ふと、窓をチラッとみると、少しだけ、ほんの少しだけ明るくなっているのが分かった。夜明けだ。ずっと考え事をしていたので、夜が明けてしまった。
「……はぁ」
何してんだ俺……唸るだけ唸って朝になっただけじゃねぇか。時間を無駄にするのは相変わらず変わってないようだ。俺は伸びをして、軽いストレッチ。外を見ても、雨が降っている気配は……ない。
「気分転換に走るか」
汚れきって、ボロボロなプライベート私服……それを着ながら、俺は外へと向かっていった。外へ出ると、コメットが起き、すぐにどついてくる。舐めるとかでいいだろと思うが、最近これが普通になっているので何も言わない。準備運動を軽く行い、港町内を軽く走る。体を動かして尚、考えは消えないという事件。

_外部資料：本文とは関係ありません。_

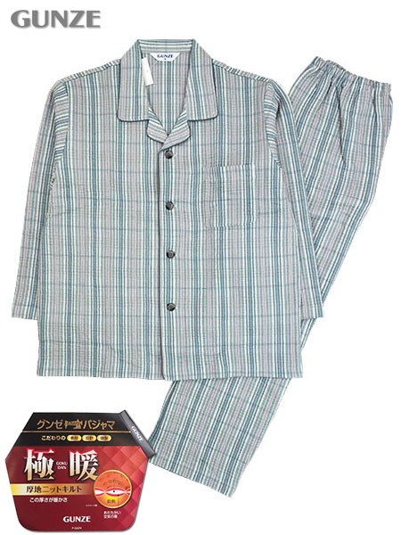 グンゼ 紳士長袖・長パンツパジャマ 極暖 肌側綿100% チェック柄 ウルトラバルキー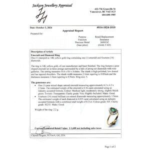 The vibrant green hue of the emerald is beautifully complemented by a halo of 14 full-cut diamonds,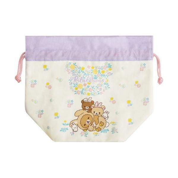 (ネコポス選択可) アルミシート付ランチ巾着 CU65401 リラックマ お花畑の小さな子ウサギ
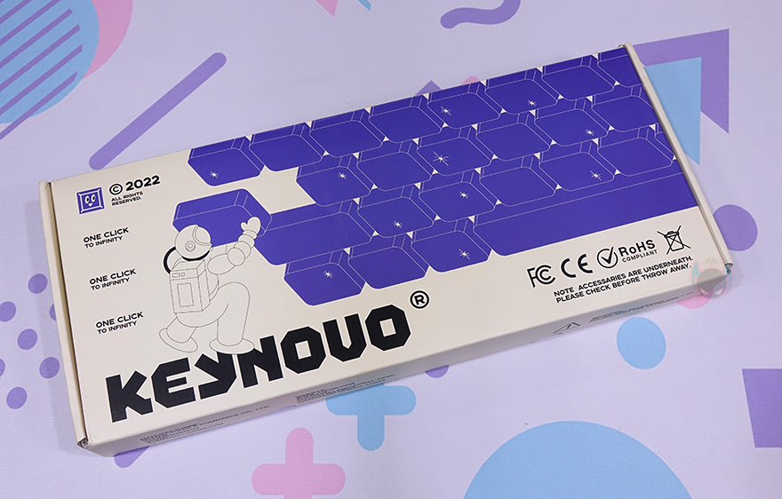 제품 패키지는 겉표지와 속박스로 이루어져 있는데, 디자인은 심플하게 전면에 KEYNOVO IF98 모델명과 제품 이미지만 담고 있으며, Pro 버전이라고 해서 따로 패키지 구분을 하고 있지는 않습니다. 물론, 박스 측면에 제품 표기에서 'IF98 3-Mode'를 확인할 수 있기 때문에, KEYNOVO IF98 Pro 제품이라는 걸 알 수 있죠. 이외에도 색상, 스위치 표기도 확인할 수 있으며, 다른 측면에는 QR코드로 디스코드(DISCORD), 자체샵(Official Store), 인스타그램(Instagram)으로 바로 연결할 수 있게 해주고 있죠. 겉표지를 벗기면 속박스에도 별도의 디자인을 적용하고 있습니다.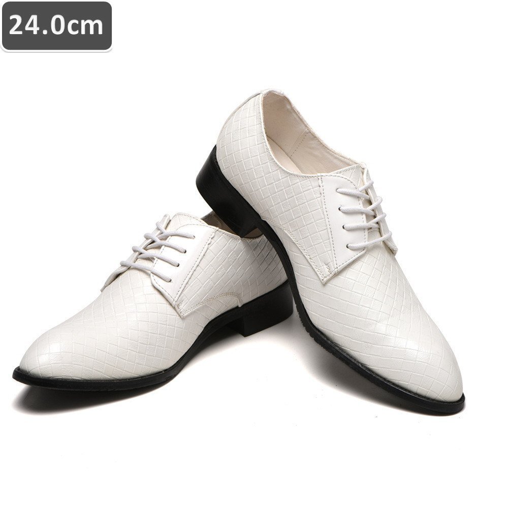 人気商品 ☆ メンズ ビジネス レザー シューズ ホワイト サイズ 24.0cm 革靴 靴 カジュアル 屈曲性 通勤 軽量 仕事 【612】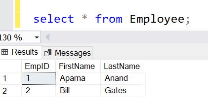 INSERT INTO Employee VALUES('Bill' , 'Gates');The above statement will insert the following record.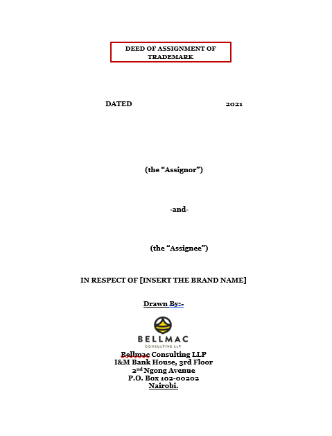 A Deed of Assignment of Trademark is a document through which the registered proprietor of a trademark transfers his/her/its rights, title and interest in the trademark to a third party. This gives the third party the right to use the trademark of the owner.

「……何も考えずにー……っつうのが理想だったんだけどな……」
汚れた服でかく汗を拭いながら、そんな事を呟いていた。因みに、俺の後ろからはコメットが走ってきている。俺が速度を落とすとコイツにどつかれるという謎の現象が起きる。
「考えない事は難しいか……」
速度を少しずつ緩めながら、思考をしようと試みる。
「ギャアッ!」
「いだッ!」
しようとした瞬間どつかれた。見事に膝かっくんのような形になり、前のめりに倒れ込む。……分かっていたハズなのに、何故速度落としてんだ俺は……。
「どつくなっつうの……」
「ギャウッ」
「分かってるのか……?」
本当に頭がいいのか悪いのか分からない魔物だ。言うこと聞くときは聞くし……いや、俺の言うことだけ高確率で聞かないなコイツ。本当に重要な場面くらいでしか話を聞いてくれない。
「はぁ……まぁいいか」
頭を掻いて、ゆっくりと歩き始めた。今いるのは、港町の出入口付近だ。雲は怪しく、空模様が悪いので、朝なのか夜なのか分かりづらいが、明らかに周囲が見え始めてきたのできっと多分、朝になったのだろう。汗も少しだけ掻き、怪しく吹く風が少しだけ心地よく感じる。
「……」
そして、ふいに考えてしまうのだ。自分の存在意義についてを。もうそんな歳、卒業したとは思ったのだが、存外抜けてはいなかったらしい。おかしな話だが、ティナを見ていると、自分の事……相手の事について、考え直してしまうのだ。……やはり不思議なのだ。ティナの何を見て、何がそうさせたのだろうか。理解が出来ない。
「……出来たら、悩まねぇしな……それに」
三年……自分の事と同様に、ふと出てきたその数字だけが気になる。この三年でイベント発生か? それともイベントクリアしなきゃならないとかか?
「クソー……なんなんだよ……」
悩みの種が増えすぎて、更には芽さえも出てきそうだ。……不安は尽きない。そもそも何故このタイミングなんだ? 始めっから覚えとけって話よ。自分自身にイラつきながらも、荒っぽい歩き方を自覚している。